Justice Antonin Scalia was on "60 Minutes" trying to explain Originalist constitutional thinking to Leslie Stahl, and he might as well have been talking to the wall:
Scalia has no patience with so-called activist judges, who create rights not in the Constitution - like a right to abortion - by interpreting the Constitution as a "living document" that adapts to changing values.
"It is an enduring Constitution that I want to defend," he says.
"But what you're saying is, let's try to figure out the mindset of people back 200 years ago? Right?" Stahl asks.
"Well, it isn't the mindset. It's what did the words mean to the people who ratified the Bill of Rights or who ratified the Constitution," Scalia says.
"As opposed to what people today think it means," Stahl asks.
"As opposed to what people today would like," Scalia says.
"But you do admit that values change? We do adapt. We move," Stahl asks.
"That's fine. And so do laws change. Because values change, legislatures abolish the death penalty, permit same-sex marriage if they want, abolish laws against homosexual conduct. That's how the change in a society occurs. Society doesn't change through a Constitution," Scalia argues.

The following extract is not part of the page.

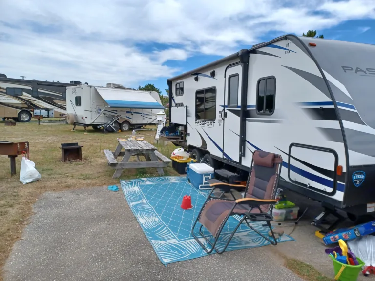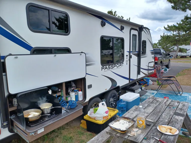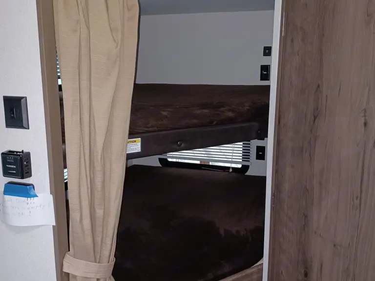 Our 25’ KeyStone Camper is Super Clean and Comfortable. Sleeps comfortably 5 adults. Two adults and up to 4 kids would be super comfortable as well. It is equipped with Queen Size front bed with a curtain for privacy. Two XL bunk beds with a private entrance curtain are available on the backside. Each bunk has its own window and wall outlet and USB phone charger. The dining couches and table can be turned into a twin bed as well if needed. Inside the trailer, you'll find a gas range equipped with an oven, microwave above, and good size refrigerator with a top freezer. The full bathroom includes a vanity sink and mirror cabinet. We provide fresh linens for the beds you use. The toilet paper comes with the rental and is free. The trailer is equipped with an outside kitchen with storage and an outdoor shower for your enjoyment as well. We will not charge you for the propane amount used. However, if you run out of propane the renter is responsible to refill the propane tanks. If you have any questions on fees, charges, or things you don't see please feel free to ask. The best way to contact me is via Outdoorsy e-mail or by Texting me on my provided phone. We will work the best we can, to match your price. I can coordinate the delivery and pickup to/from your destination on a case-by-case basis. Happy camping!

Values do change, and that's what the law is for. Bedrock principles do not change, and that is what the Constitution is for. That seems so basic to any understanding of a constitutional republic's operation, but so many people are willing to blur the role of the Constitution and the law. If you really buy into the "living Constitution" argument, you're willing to let nine people tell you what the law of the land is. And they might do things you like or things you abhor, and you will live under the tyranny of the whim of the moment.